Colorado and Maryland both passed laws to improve the protection of children’s personal data. The Colorado law, SB 41, applies to any entity that controls consumer personal data and conducts business in Colorado, or markets products or services to Colorado residents, irrespective of the generated revenue. It also includes various instructions on how to avoid harm to minors and better protect minor privacy rights. The Maryland Kids Code sets out several responsibilities for covered entities, including: (i) a requirement that covered entities offering online products likely to be accessed by children conduct a Data Protection Impact Assessment; (ii) a prohibition on the processing of children’s personal data in a manner that does not align with the best interests of the child; and (iii) a prohibition on profiling children, unless the profiling is in the child’s best interest. 

A California court dismissed a lawsuit filed by X (formerly Twitter) against Bright Data, an Israeli business intelligence company, over accusations of unlawful data scraping. X alleged that Bright Data scraped and sold content from X’s platform without authorization, making the scraping unlawful. However, the court ruled that Bright Data’s actions did not violate any contractual agreement with X and did not infringe upon X’s rights. Further justifying the legality of scraping, the decision noted that content generated by X users is publicly accessible and is owned by the users themselves – who retain their rights to the content – and not by X. 

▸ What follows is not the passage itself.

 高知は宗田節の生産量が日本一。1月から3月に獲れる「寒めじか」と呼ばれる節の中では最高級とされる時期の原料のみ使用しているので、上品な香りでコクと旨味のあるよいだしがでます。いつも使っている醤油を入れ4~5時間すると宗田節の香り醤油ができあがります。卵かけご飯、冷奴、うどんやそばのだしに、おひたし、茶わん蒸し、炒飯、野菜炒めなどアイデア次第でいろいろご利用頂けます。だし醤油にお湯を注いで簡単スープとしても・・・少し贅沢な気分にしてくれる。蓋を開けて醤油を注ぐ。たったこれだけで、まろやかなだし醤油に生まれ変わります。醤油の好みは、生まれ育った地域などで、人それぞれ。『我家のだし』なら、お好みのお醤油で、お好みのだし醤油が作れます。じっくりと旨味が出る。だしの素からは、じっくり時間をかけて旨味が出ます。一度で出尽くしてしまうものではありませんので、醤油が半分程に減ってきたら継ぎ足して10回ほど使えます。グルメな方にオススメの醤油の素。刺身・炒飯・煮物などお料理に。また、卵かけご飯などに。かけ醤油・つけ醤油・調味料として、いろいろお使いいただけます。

This publication is provided as a service to our clients and colleagues, with explicit clarification that each specific case requires individual examination and discussion in writing.

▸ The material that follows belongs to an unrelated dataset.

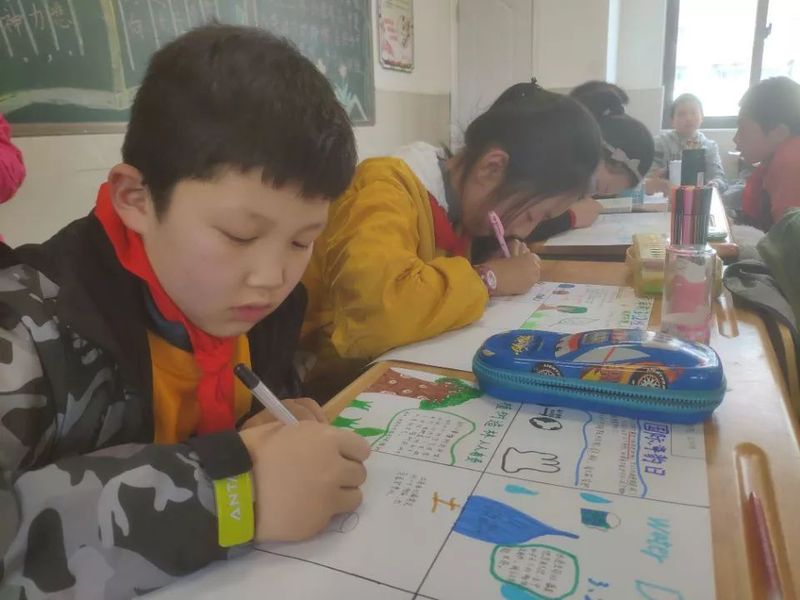 临近活动结束,甄洋、韩东晓同学给孩子们分发了水彩笔,希望他们能够动手设计手抄报,记录下自己对土壤的了解,孩子们都十分开心,用心绘制着手抄报。

The information presented here is of a general nature and is not intended to answer the unique circumstances of any individual or entity. Although we strive to provide accurate and available information, we cannot guarantee the accuracy of the information on the day it is received, nor that the information will continue to be accurate in the future. Do not act on the information presented without appropriate professional advice after a comprehensive and thorough examination of the specific situation.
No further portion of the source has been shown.